FBC: Firebreak | Recensione (Xbox Series S) | Uno strambo ritorno nell’Oldest House

Caposquadra 1: “Direttore, Caposquadra 1 in ascolto, Squadra 1 in fase di discesa verso l’obiettivo.”
Direttore: “Qui Direttore, bene Caposquadra 1, verificare equipaggiamento e ripetere direttive al fine di verifica assenza anomalie.”
Caposquadra 1. “Qui Caposquadra 1, Direttore è serio? È la terza volta che ripetiamo il briefing!”
Direttore: “Caposquadra 1, gradirei non scoprire che l’Hiss ha corrotto la mente del mio miglior agente sul campo. Ripetere le direttive. Subito.”

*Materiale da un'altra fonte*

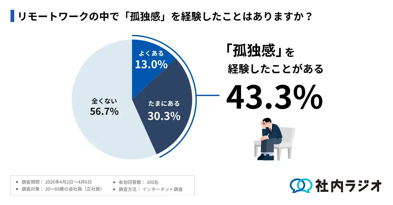 働き方としてはリモートワークが定着しているものの、約4割が心理的な孤立を感じている実態が浮き彫りになりました。 |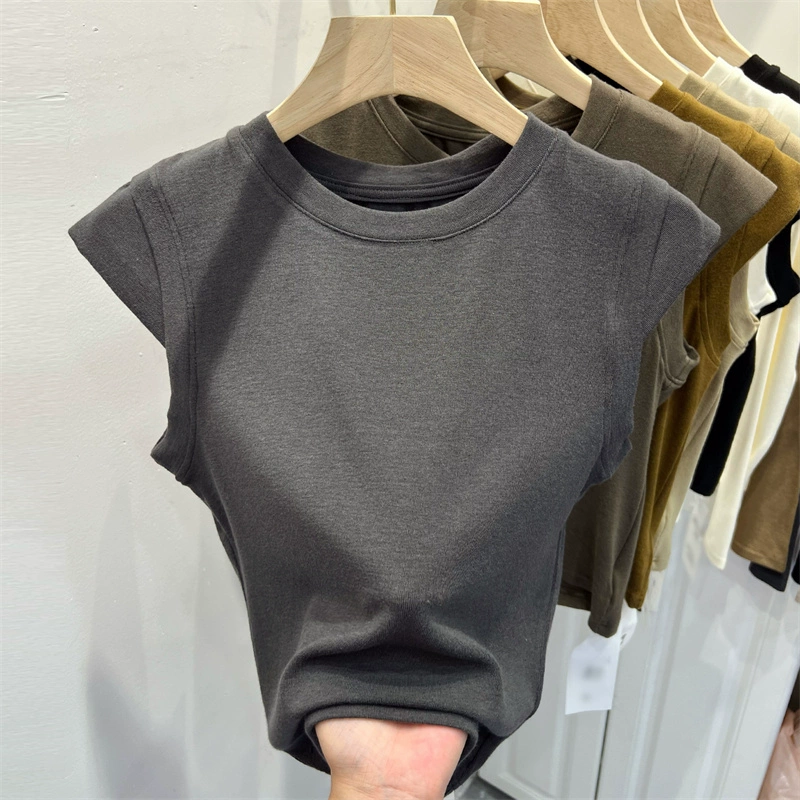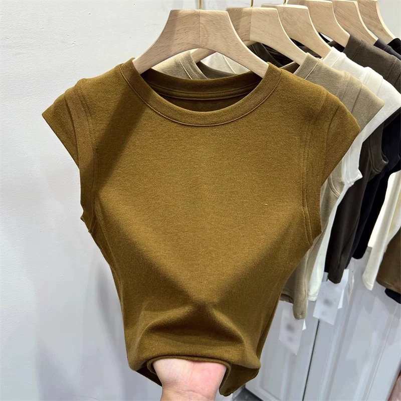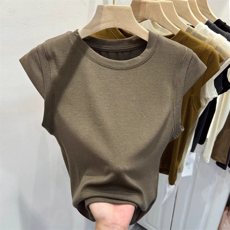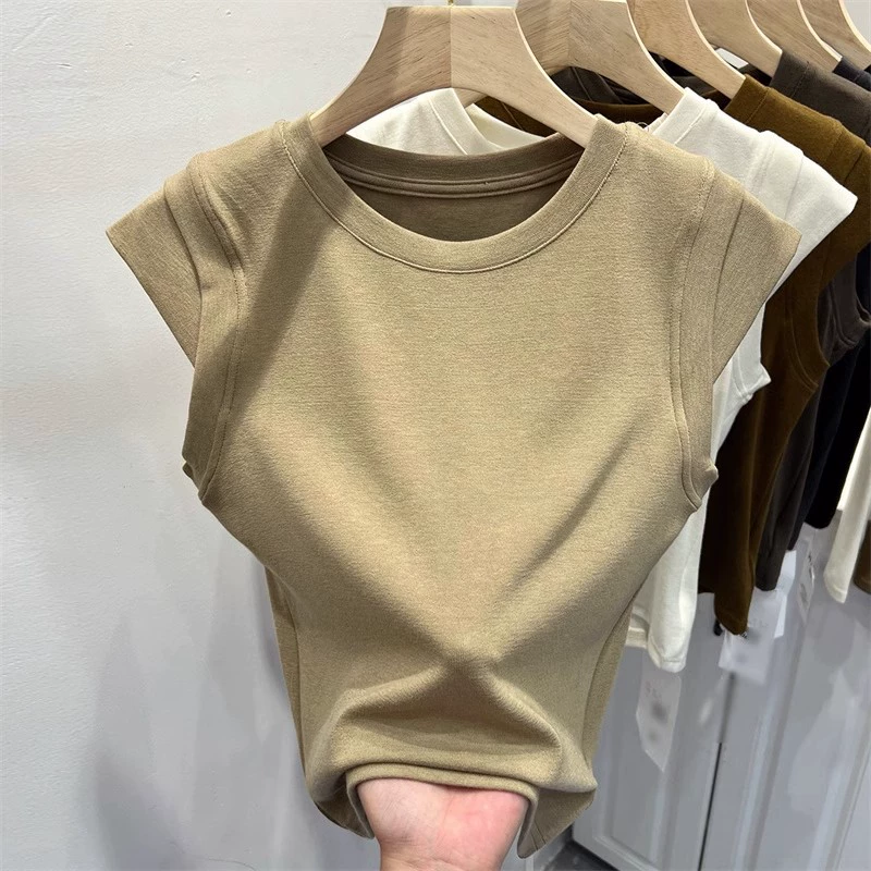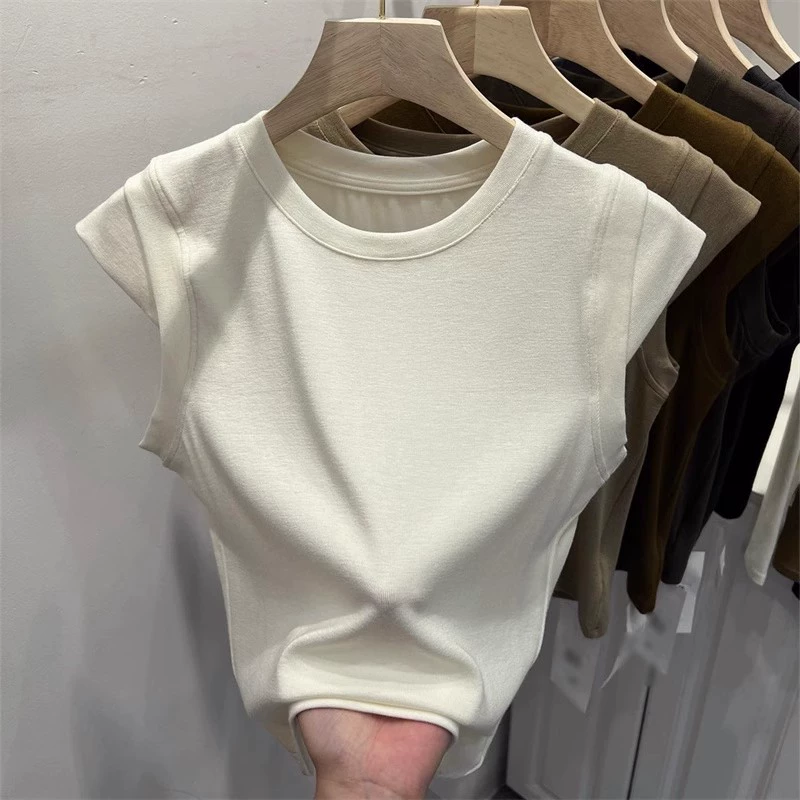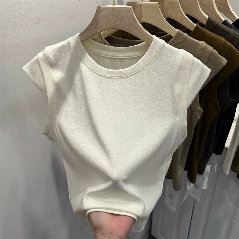 Round neck slim fit simple sleeveless soft waxy knitted T-shirt

Caposquadra 1 [sbuffa]: “Testare oggetto paranaturale “FBC: Firebreak” contenuto in dispositivo non identificato, nome in codice Xbox Series S.”
Direttore: “Molto bene Caposquadra 1, attendiamo il suo rapporto! Chiudo!”
[Rumore di radio]
Caposquadra 1: “Quell’uomo mi farà impazzire… ora forza squadra, si comincia!”

FBC: Firebreak: un FPS nell’Oldest House

Giudicare un gioco come FBC: Firebreak, in una fase di lancio come questa, è veramente un compito ingrato e difficile, e il motivo è semplice: l’ultimo nato di Remedy è un gioco dalla natura ibrida, nata dal mix tra due mondi mai così distanti negli ultimi anni come gli sparatutto PVE cooperativi improntati alla “socialità” e lo stile del team di Sam Lake, così tanto legato al single player, a un gioco basato sul gameplay ricercato e su una narrativa videoludica molto sofisticata.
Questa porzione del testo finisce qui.